One of the main differences between human and artificial intelligence(AI) agents is that the latter remain constrained to single tasks. I am not even talking about specific domains but about tasks within those domains. To this day, one of the greatest challenges of AI remains finding effective ways to reuse knowledge representations across AI models. In the deep learning theory, a small sub-discipline known as multitask learning is attempting to address that challenge.
Using the notion of a computational graph is a simple way to visualize deep learning models. In that representation, deep learning models typically have one input layer, a large number of hidden layers and an output layer. The outputs of one layers serve as inputs to other layers on the next level. Given the large number of nodes in each layer, reusing knowledge representations across them becomes both very appealing and really difficult. Not surprisingly, multitask learning has received a lot of attention among deep learning researchers and technologists.

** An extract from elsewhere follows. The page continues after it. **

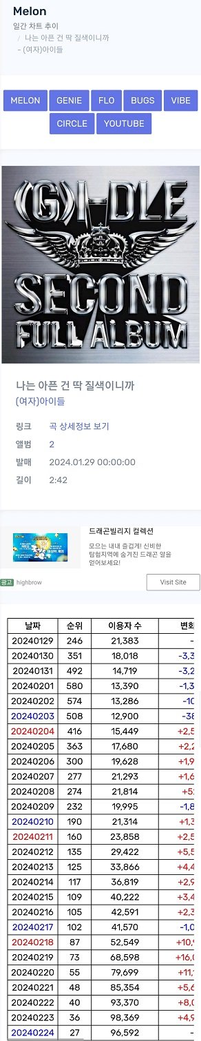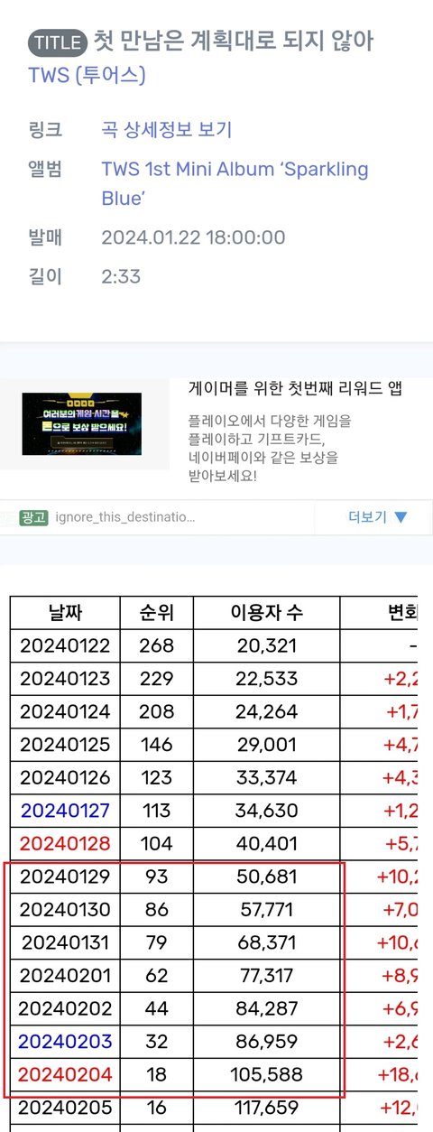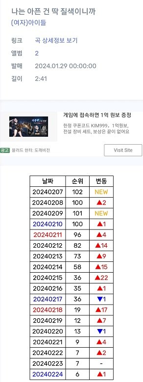 앞으로 이용자수도 더 팍팍 붙을거고 그럼 과연 어디까지 오를까 기대가 되는 곡일거야
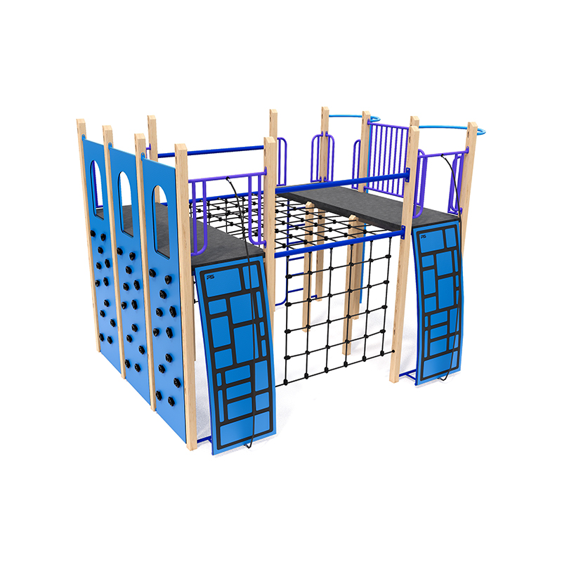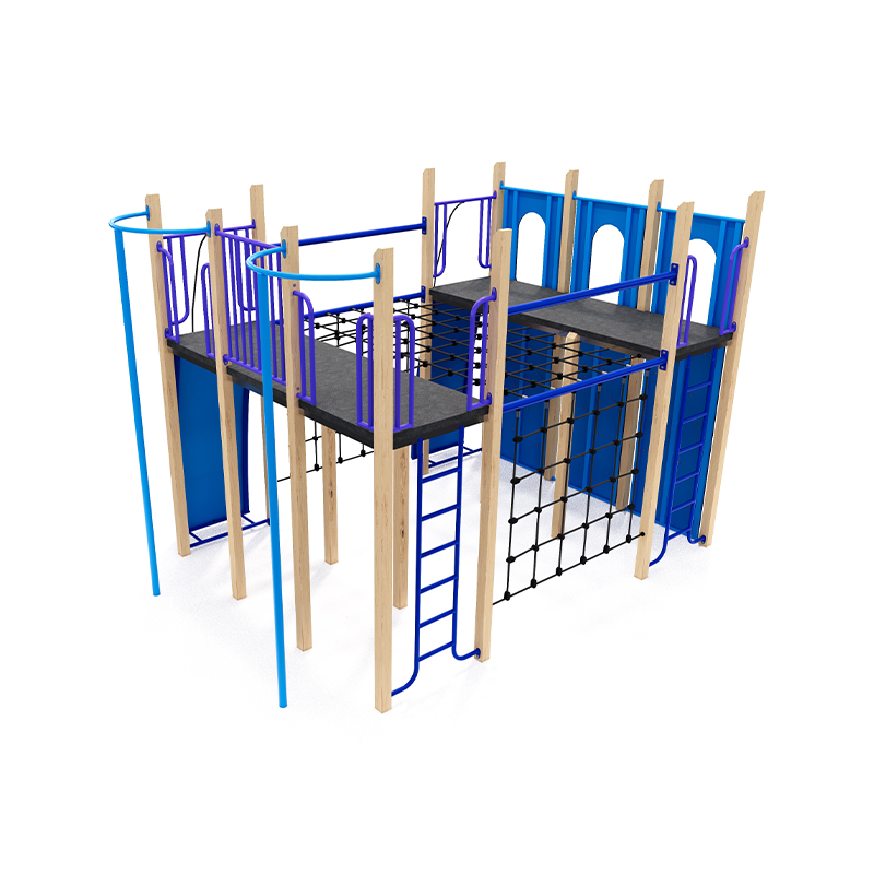 Take play to the next level with the Mega Cube, designed to challenge the most ambitious climbers and cater to a broad range of abilities. Designed with a towering timber-and-steel fortress aesthetic, this structure maximises vertical play and capacity in a focused area. It combines PolyPlay climbing walls and rope nets with safe, elevated decks. The Mega Cube provides a full-scale play environment built to absorb significant daily traffic while requiring minimal maintenance.

Multitask learning is a very broad term that encompasses a few different segments. Think about how humans reuse and apply knowledge. Sometimes, when performing a task, we apply knowledge we learn during a previous task. Other times, we need to adapt what is essentially the same knowledge and the same task to different domains. In the deep learning world, those variations of multitask learning are known as transfer learning and domain adaptation respectively.
Transfer learning is a form of multitask learning that is applied when a model needs to perform different tasks and knowledge representations should be reused across those tasks. Let’s consider the domain of language learning. When mastering a second or third language, we intuitively reuse many concepts or practices of our native language. Among languages that share similar origins, such as the ones coming from the Latin( Spanish, French, Italian, Portuguese…) there are many commonalities in terms of syntax, ver conjugation, pronunciation, grammar and many other aspects. In a polyglot deep learning model, we can envision a transfer learning technique that reuses the knowledge representation from layers designed for one language and apply them on layers focused on another language.
The principle of domain adaptation are complementary to transfer learning in the sense that the target task remains fundamentally the same and what varies is the distribution of the input. Let’s move our examples to the field of image analysis and take an algorithm that recognizes objects such as shoes, handbags or dresses in fashion designer pictures. Typically, those images include a model posing with the target items. On another scenario, we would like to build a model that recognizes the same objects(shoes, handbags and dresses) in images of social events that include multiple people each one wearing different items. Whether the knowledge created by the first model can clearly be applied in the second scenario, it would have to be represented in a way that can be generalized across both domains (fashion vs. social pics). That’s the role of domain adaptation.
We can imagine that multitask learning will be an essential element in the quest towards achieving general AI. In many modern deep learning frameworks, there are some distinctions between transfer and multitask learning. Notably, transfer learning is mostly used in relationship with supervised models while multitask learning can be applied to both supervised and unsupervised algorithms.